Listing 7.19: The directory structure for BookMonkey with dependency management with Bower

bower_components/
  angular/
    angular.min.js
  angular-route/
    angular-route.min.js
  requirejs/
    require.js
scripts/
  config/
    routes.js
  controllers/
    book_details.js
    book_list.js
  services/
    book_data.js
  app.js
  requireConfig.js
index.html
bower.json

As the first step, we include RequireJS in our index.html. We employ the data-main attribute to demarcate the entry point. As shown in Listing 7.20, this attribute references our AMD module scripts/requireConfig, which is defined in the file scripts/requireConfig.js. In addition, we remove or comment out the previous script tags, because RequireJS takes care of file loading.

Listing 7.20: The index.html of BookMonkey with RequireJS

<script src="bower_components/requirejs/require.js"
  data-main="scripts/requireConfig"></script>

<!--
  These script tags are now obsolete!
  <script src="lib/angular/angular.min.js"></script>
  <script src="lib/angular-route/angular-route.min.js"></script> 
  <script src="scripts/app.js"></script>
  <script src="scripts/controllers/book_details.js"></script>
  <script src="scripts/controllers/book_list.js"></script>
  <script src="scripts/services/book_data.js"></script>js
-->

Next, we configure the AMD module angular and angularRoute, which are required by our application (See Listing 7.21).

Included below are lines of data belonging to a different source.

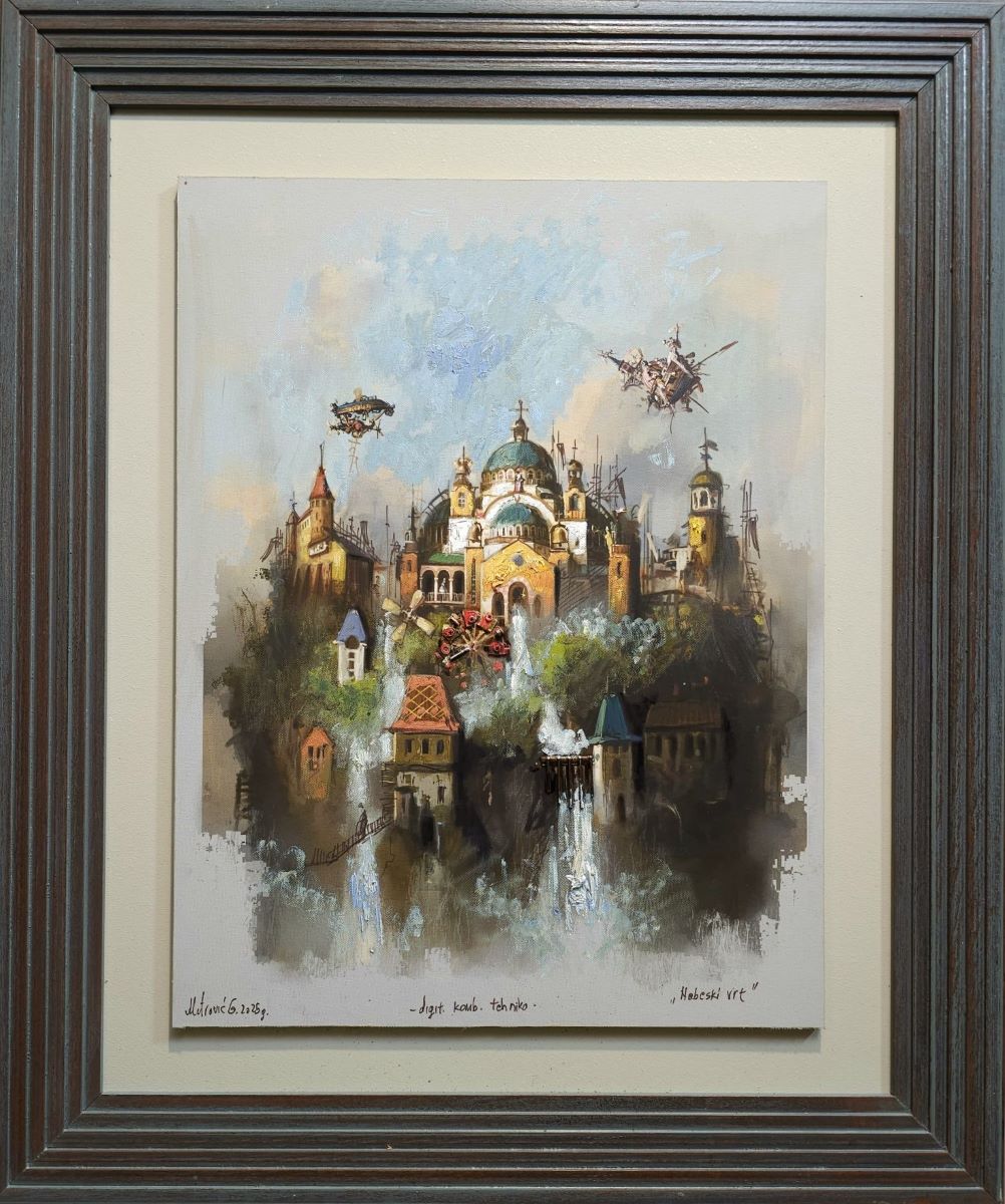 Umetnik Goran Mitrović donosi delo „Nebeski vrt“, izrađeno digitalnom kombinovanom tehnikom uz dodata aplikovanja i ručno oslikane detalje uljanom bojom, stvarajući jedinstvenu, unikatnu sliku punu duhovne simbolike i harmoničnih tonova.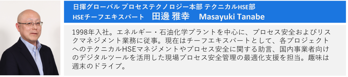海外のプラントの設計・調達・建設を事業の柱とする日揮グローバルでは、幅広い分野の技術エキスパート*が事業の根幹を支えています。彼らの持つさまざまな専門技術はプラント建設だけでなく、サステナブルな社会を実現するうえでも欠かせないものです。そこでサステナビリティハブでは、チーフエンジニア**の方々に専門技術や最新トピックなどを解説してもらうインタビュー記事を連載しています。今回の記事は、第6弾となる「HSE(安全衛生)」のチーフエンジニアのインタビュー後編です。是非ご覧ください。(インタビュアー:サステナビリティハブ編集部)
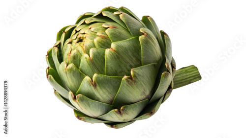 Obraz premium A vibrant artichoke with layered green leaves, showcasing its unique structure and texture, highlighting its botanical beauty.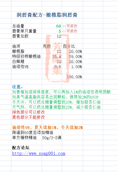 配方所属:润唇膏 - 脂类配方

To this end, we can use the require.config() function from RequireJS. This function receives a configuration object. In order to embed AngularJS, we require the attribute paths. This attribute allows us to enter dependencies that cannot be found directly under the baseUrl path. In addition, we give these dependencies a solid module name. Since AngularJS and the ngRoute module are external dependencies that we can only manage with Bower, we specify here the relative path to our bower_components directory.

To make sure that our AngularJS is correctly embedded, we have to tell RequireJS that it should assign AngularJS to the global variable angular. This is done by using the attribute shim. In order to achieve the correct initialization order, we define the AMD module angular as a dependency of the AMD module angularRoute.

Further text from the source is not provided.